Mittelschwaebische Nachrichten
Trost in der Musik gefunden
Hugo Distler erhielt Klavierunterricht im Realgymnasium
Krumbach In der Advents- und Weihnachtszeit kann man immer wieder Kompositionen von Hugo Distler begegnen, die eine besondere Stimmung vermitteln. Sie spiegeln wohl etwas von der Gemütslage, die den Künstler prägte. Das ist auch nicht verwunderlich, denn er gehörte zu den Menschen, die vom Pech verfolgt werden.
Als er 1908 zur Welt kam, hatte sein Vater die Mutter gerade verlassen. Sie brachte deshalb für das Kind wenig Liebe auf. Mit vier Jahren kam Hugo Distler endgültig zu seinen Großeltern. Die Mutter verabschiedete sich mit einem neuen Partner nach Amerika. Hugo durfte das Nürnberger Realgymnasium besuchen und erhielt Klavierunterricht. Nach dem Tod ihres Mannes kehrte die Mutter aus Amerika wieder zurück. Hugo hat inzwischen einen kleinen Bruder erhalten, mit dem er sich gut verstand. Die Mutter war gegenüber Hugo von seltener Kälte. Mit 15 schickte sie ihn aus dem Haus zu den Großeltern. Sie suchten ihn zu fördern, auch wenn ihre Mittel durch die Inflation sehr beschränkt waren. Als die Großeltern den Klavierunterricht nicht mehr bezahlen konnten und Hugo sich vergeblich um ein Stipendium bemühte, war sein Klavierlehrer bereit, ihn kostenlos weiter zu unterrichten.

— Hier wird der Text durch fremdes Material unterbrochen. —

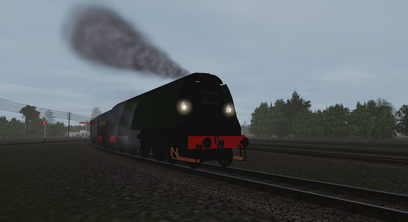 Tags: Trainz Railroad Simulator 2019, Abbey Town Railway, Default, Skyworks Merchant Navy, Deltic 1976 Blue, Skyworks Merchant Navy Tender, BR wagon CAR red/grey, BR VEA brown van, BR Shocvan, BR plywood no vent Van detailed 36, BR Planked Ventilated Van 2, BR Pallet Van weathered, BR PGA Tarmac CRH Group, BR Iron Mink ex GWR 2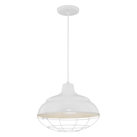 RWHC14-WH Size: 8.25" H x 14" W, Finish: White Features: -Pendant.-Number of lights: 1.-Warehouse / cord hung.-Damp location.-UL listed.-UV protectant clearcoat. Includes: -Includes canopy and 12'' cord. Specifications: -Bulb type: 200W A19 medium incandescent bulb. Dimensions: -9.25'' H x 17'' W. Collection: -R Series collection. Shown with optional Wire Guard (RWG14-WH).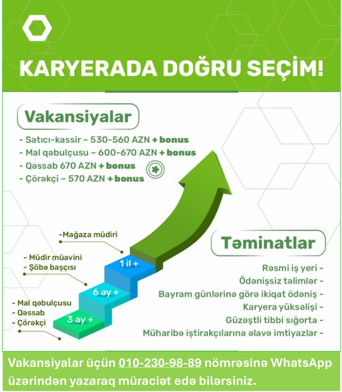 Vakansiyalar üçün 010 230 98 89 Telefon/Vatsap nömrəsinə müraciət edə bilərsiniz (Vatsap aktivdir). Whatsapp (Vatsap) daim aktivdir.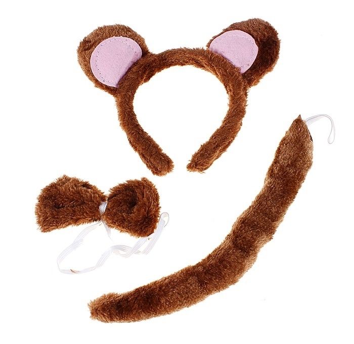 Комплект медвежонок из 3-х предметов: ободок с розовыми ушками, бантик и хвост.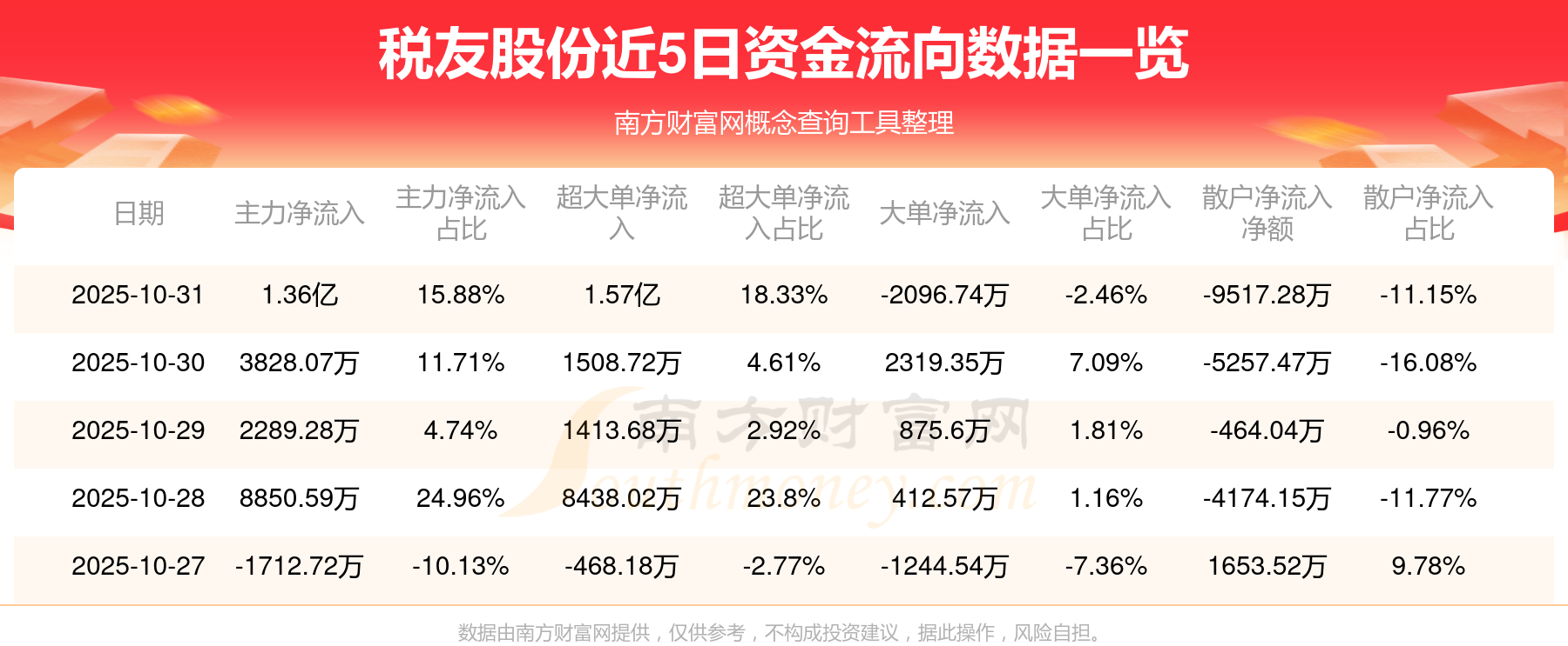 资金流向数据方面,10月31日主力资金净流流入1.36亿元,超大单资金净流入1.57亿元,大单资金净流出2096.74万元,散户资金净流出9517.28万元。

Nach dem Abitur ging er zum Musikstudium nach Leipzig. Wieder war es die Geldnot, die ihn zum Abbruch des erfolgversprechenden Studiums zwang. In Lübeck erhielt Distler eine Stelle als Kirchenmusiker. Das gehört zu den glücklichen Fügungen in seinem vom Pech verfolgten Leben. Der zuständige Pfarrer beschäftigte sich mit einer Liturgiereform der evangelischen Kirche und dies tat auch Hugo Distler. In dem Zusammenwirken von Pfarrer Axel Werner Kühn und dem Komponisten entstanden zahlreiche Werke so etwa „Eine kleine Adventsmusik“und 52 kleine geistliche Chormusiken. In diese für sein künstlerisches Schaffen so fruchtbare Zeit fällt seine „Deutsche Choralmesse“und die „Choralpassion“.

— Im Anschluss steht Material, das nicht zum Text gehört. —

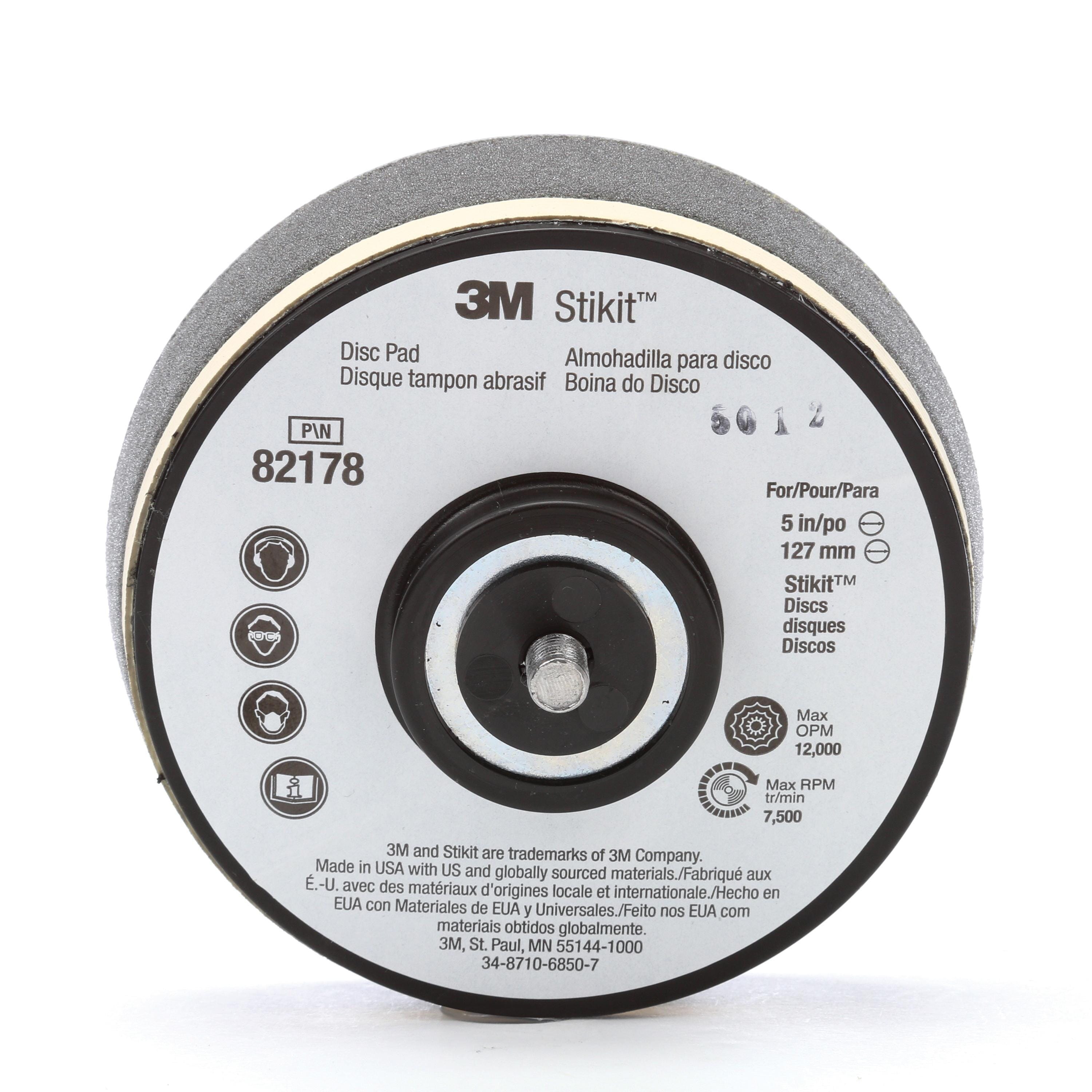 3M(TM) Stikit(TM) Disc Pad 82178, 5 in x 1-1/4 in 5/16-24 External, 10 per case. For use with 5 inch diameter Stikit(TM) discs. These vinyl face (black) pads have a soft density foam and a tapered edge for flexibility. Used for sanding contoured parts.

Wie Johann Sebastian Bach schuf Distler Sonntag für Sonntag Werklein um Werklein, wie es das Kirchenjahr verlangte. Eifrig unterstützten ihn seine Schüler und halfen ihm bei der Abschreibearbeit der Chorstimmen. Die „Werklein“wie Distler sie bescheiden nannte, veröffentlichte er später unter dem Titel „Der Jahreskreis“. Mit der Machtergreifung Adolf Hitlers 1933 wurde es für einen Kirchenmusiker immer schwieriger. Distler konnte zwar noch ein kirchenmusikalisches Institut am neugegründeten Lübecker Staatskonservatorium durchsetzen, aber die Einschränkungen, die er dabei erfahren musste, belasteten ihn mehr und mehr. Auf Anraten seiner geistlichen Vorgesetzten trat er der Partei bei. In einigen Veröffentlichungen äußerte er sich auch linientreu.
Schließlich wechselte er nach Stuttgart, wo er drei glückliche Jahre verbrachte. Es lag nahe, MörikeGedichte zu vertonen. Er begab sich mit seinen Kompositionen auf neutralen Boden. Der Ruf nach Berlin als Leiter des Staats- und Domchors, war zu verlockend. Ihn konnte er nicht ausschlagen. Was allerdings auf ihn wartete, konnte er im Vorfeld nicht ahnen. Der ständige Kampf, dass die Domsingknaben zu den Proben kommen können und nicht durch die Hitlerjugend abgehalten werden. Eine erdrückende Bürokratie, die ihm gar nicht mehr den notwendigen Freiraum für Kompositionen einräumte. Dazu kam noch das Damoklesschwert des Einberufungsbefehls. Fünfmal hatte er ihn abwenden können. Nun war wieder einer angekommen. Am 1. November 1942 gestaltete er noch den Gottesdienst, dann zog er sich in seine Dienstwohnung zurück, öffnete den Gashahn und starb mit 34 Jahren.